Aka: Cervical Artery Dissection, Cervicocerebral Arterial Dissection, Dissecting Aneurysm of Precerebral Artery, Cerebroarterial Dissection, Blunt Vertebral Vascular Injury, Blunt Cerebrovascular Injury
  1. See Also
    1. Carotid Artery Dissection
    2. Traumatic Carotid Dissection
    3. Vertebral Artery Dissection
    4. Vertebral Artery Injury in Blunt Neck Trauma
  2. Definitions
    1. Cervical Artery Dissection (Cervicocerebral Arterial Dissection)
      1. Extracranial Arterial Dissection includes carotid dissection and Vertebral Dissection
  3. Epidemiology
    1. Cervical Artery Dissection (Carotid Artery and Vertebral Artery) are uncommon overall
      1. Overall: <2% of ischemic Cerebrovascular Accidents (2.6 to 2.9 per 100,000)
      2. Young Patients (age <45 years): 10-25% of ischemic Cerebrovascular Accidents
  4. Pathophysiology
    1. Vessel intima tear or vasa vasorum rupture
    2. Vessel wall media develops localized bleeding
    3. Blood within vessel wall separates layers resulting in a false lumen
    4. Aneurysm may form if vessel wall Hematoma expands toward adventitia (sub-adventitial dissection)
    5. Vessel lumen may be narrowed if vessel wall expands towards intima
  5. Types
    1. Carotid Artery Dissection (most common)
    2. Vertebral Artery Dissection
  6. Risk Factors
    1. Genetic Predisposition, Typically Connective Tissue Disorder (spontaneous dissection)

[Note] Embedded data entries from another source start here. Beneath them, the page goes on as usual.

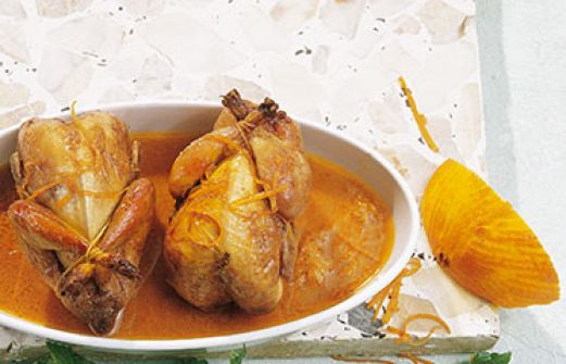 Wachteln in Orangen-Grappa-Sauce Zutaten 8 Wachteln (küchenfertig) 50 g Butter 1 EL Olivenöl Salz Pfeffer, frisch gemahlen 2 unbehandelte Orangen 4 EL Grappa etwa 150 ml Hühnerbrühe Küchengarn guk:similarity-keywords=""> 8 Wachteln (küchenfertig) , 50 g Butter , [...]
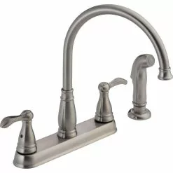 In Stock Hardwarestore Delivery Pilar 2-Handle Standard Kitchen Faucet With Side Sprayer In Arctic Stainless
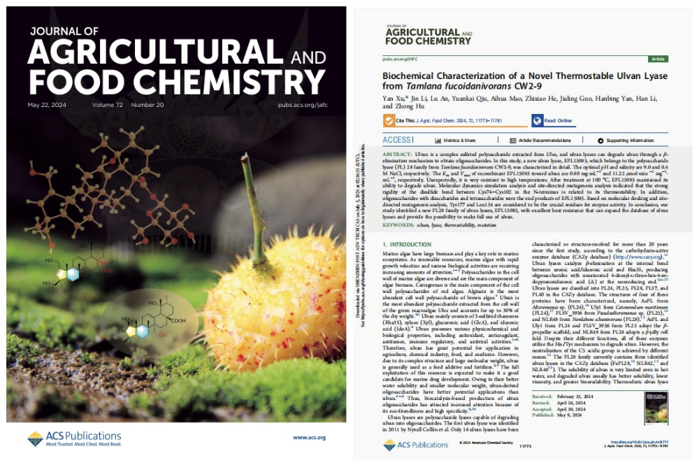 OCR:IMG:JOURNALOF AGRICULTURALAND AGRICULTURAL FOOD CHEMISTRY AND pubs.acs.org/1AFC Arsd FOODCHEMISTRY Biochemical Characterization of a Novel Thermostable Ulvan Lyase fromTamlanafucoidanivoransCW2-9Volume72Yg May22.224Number20pubs.acs.org/jafc and ZhongHu Rd CkeThicAgFodChm20247211773-11781ACCESSI aMarcs Mom ArsdeRecommndrtions Supponhg ifomtion AlSRACT:nompeitelpochideetracedfmmnrungalentough eliniutionmechunimtooltainol,chndynPLchotchd lyase(Pl.)28familyfaomTamla donierawCW2-9,wa acteriedindetal.TheoptmalpHandslinityae9.0and0.4MNaCLrespoctively.TheK,and V ..of recombinant EPL.15o85towand uhan are Os0mgml.ripdity of the dulfde bond Cys74-Cysl02in the N-termimus is related to its indicatedthatthes ostblity.In addzion,lyusesand provilehepobleyto makefull eaf KEYWORDS:ahu,hw 1.INTRODUCTION cabohydnte-ative ian 20years Mainealgaehuwlarge algebion (A)at coPL4P128P17namely,AsPL.(PL.25),COOH AsPLand add(ldeA).PL.25adoptthep apgdlyroll inthe CAZydimbuse(FaP12&,NLR42NLR483Thesolabilityofuhean svaylimited cren in hot candidatefor caived:beay 254Apwi262024Ulun lyasesare co-fimdlinessandlegh hundelyaescapableofdogradin May9,24nlun intooligosacchundes.Thefintulvan lyasewa idereifed ACSPublications www.acs.org in201l byNyvall Collnetal Only16uhun lyaeshavebeen MostTrusted.MostCtedMostRead ACS Publications 112773
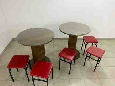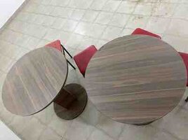 - 2 ədəd dairəvi masa: ağac teksturalı laminat üstlük, tək sütunlu dayaq və dairəvi əsas. Kiçik məkanlarda rahat yerləşir, servis üçün kifayət qədər səth təqdim edir.
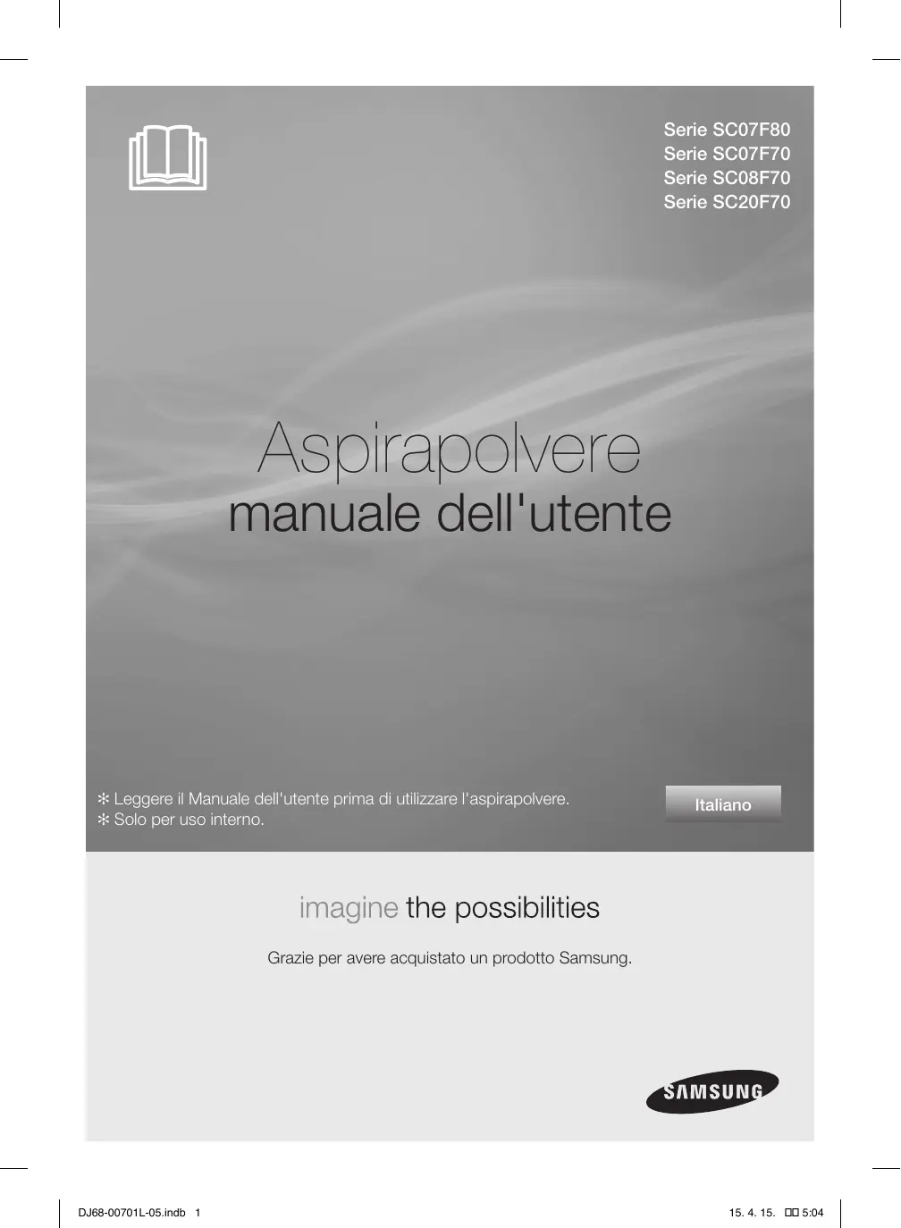 Scarica le istruzioni per il tuo Aspirapolvere in formato PDF gratuitamente! Trova il tuo manuale VC07F70HNUR/EF - VC07F70HUYC/EF - SAMSUNG e riprendi in mano il tuo dispositivo elettronico. In questa pagina sono pubblicati tutti i documenti necessari per l'utilizzo del tuo dispositivo. VC07F70HNUR/EF - VC07F70HUYC/EF del marchio SAMSUNG.
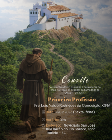 Com o coração em festa e renovada esperança, a Província Franciscana da Imaculada Conceição do Brasil convida toda a comunidade, familiares e amigos para a celebração da Primeira Profissão Religiosa de Frei Luis Naldo Rodrigues da Conceição, OFM.
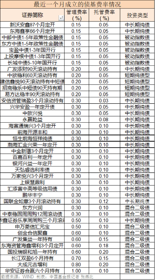 “目前新发的纯债基金管理费可压降到0.2%,托管费压降到0.05%,如果是债券指数基金,相关管理费最低可达到0.15%。这也是目前基金公司在扣除各项管理成本后的价格底线,新发债券基金基本已经按照这一费率标准执行。” 上述固收部人士表示。
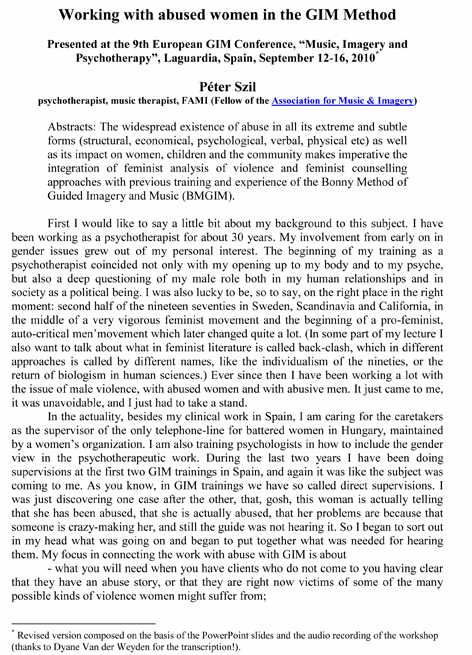 Presentation at the 9th European GIM Conference, “Music, Imagery and Psychotherapy”, Laguardia, Spain, September 12-16, 2010
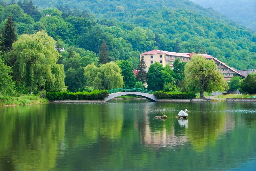Автомобильная экскурсия в зеленый Дилижан. Сфотографируемся у памятника героям фильма «Мимино», там же выпьем воды, которая по чистоте занимает второе место в мире, полюбуемся и подышим «зелеными легкими» Дилижана, и, конечно, посетим два прекрасных монастыря — Агарцин и Гошаванк.
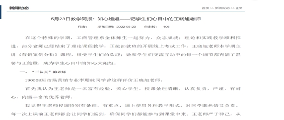 学校和学院教学简报介绍了多位工商管理系老师的授课典型经验,体现了校院两级督导以及学院领导对老师们辛勤付出的高度认可,同时也是对老师们的一种鞭策;管理系无论是年轻老师,还是老教师都在云端讲台展现了积极向上的精神风貌和教无止境的不懈追求。
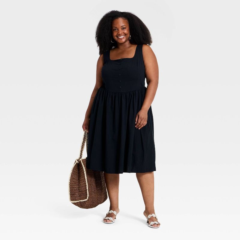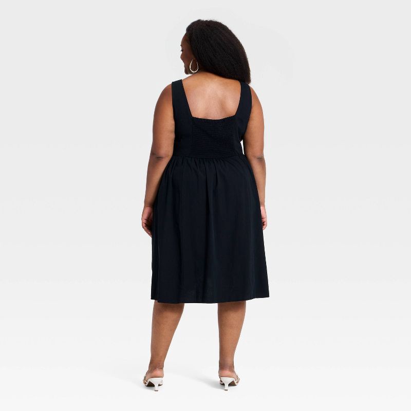 Women's Plus Sleeveless Button-Front Midi A-Line Dress - Ava & Viv™ Black 1X
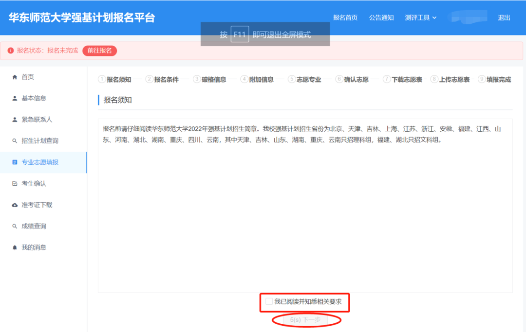 閱讀“報名須知”,勾選“我已閱讀并知悉相關要求”,等待進入下一步。
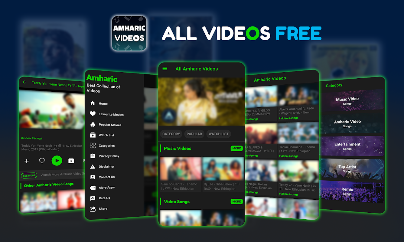 Watch Eritrean movies, Eritrean music, and local Tigrigna music. Amharic music is Ethiopian songs app offers Eritrean music video & Oromo music. Watch all the latest and oldies ethiopian music videos for free.

      1. Ehlers-Danlos Syndrome Type IV
      2. Marfan's Syndrome
      3. Autosomal Dominant Polycystic Kidney Disease
      4. Osteogenesis Imperfecta Type 1
    2. Coronary Artery Disease Risk Factors
      1. Hypertension
      2. Atherosclerosis
    3. Other possible risk factors
      1. Migraine Headache with aura
      2. Respiratory infection
        1. Autumn peak in dissection Incidence also may suggest infectious contributing factors
  7. Causes
    1. Spontaneous Cervical Artery Dissection
      1. Idiopathic (non-Traumatic)
      2. May be associated with risk factors as above
      3. Average age 44 years (+/- 13 years)
    2. Trauma
      1. See Vertebral Artery Injury in Blunt Neck Trauma
      2. See Traumatic Carotid Dissection
      3. Whiplash
      4. Rollercoasters
      5. Chiropractic Manipulation (1 in 20,000 Spinal Manipulations)
        1. Hufnagel (1999) Neurol 246: 683-88 [PubMed]
      6. Motor Vehicle Accidents (e.g. Seat Belt Sign)
      7. Strangulation Injury
    3. Hyperextension or rotation of the neck (esp. if sudden)
      1. Yoga
      2. Painting ceiling
      3. Coughing, Sneezing or Vomiting
      4. Procedural Sedation
  8. Findings
    1. See Carotid Artery Dissection
    2. See Vertebral Artery Dissection
    3. Findings are specific to distribution of dissection
    4. Unilateral Headache (68%)
    5. Neck Pain (39%)
    6. Facial Pain (10%)
  9. Differential Diagnosis
    1. See Headache Causes
    2. Subarachnoid Hemorrhage
    3. Cerebral Venous Thrombosis
    4. Reversible Cerebral Vasoconstriction Syndrome (RCBS)
    5. Spontaneous Intracranial Hypotension
    6. Pituitary Apoplexy
    7. Pheochromocytoma
    8. Cerebrovascular Accident
  10. Imaging
    1. CT Angiogram Head and Neck
      1. Optimal in Vertebral Artery Dissection
      2. High efficacy when compared with DSA in blunt cervical Trauma
        1. Test Sensitivity: 97.7%
        2. Test Specificity: 100%
        3. Positive Predictive Value: 100%
        4. Negative Predictive Value: 99.3%
        5. Eastman (2006) J Trauma 60(5): 925-9 +PMID:16688051 [PubMed]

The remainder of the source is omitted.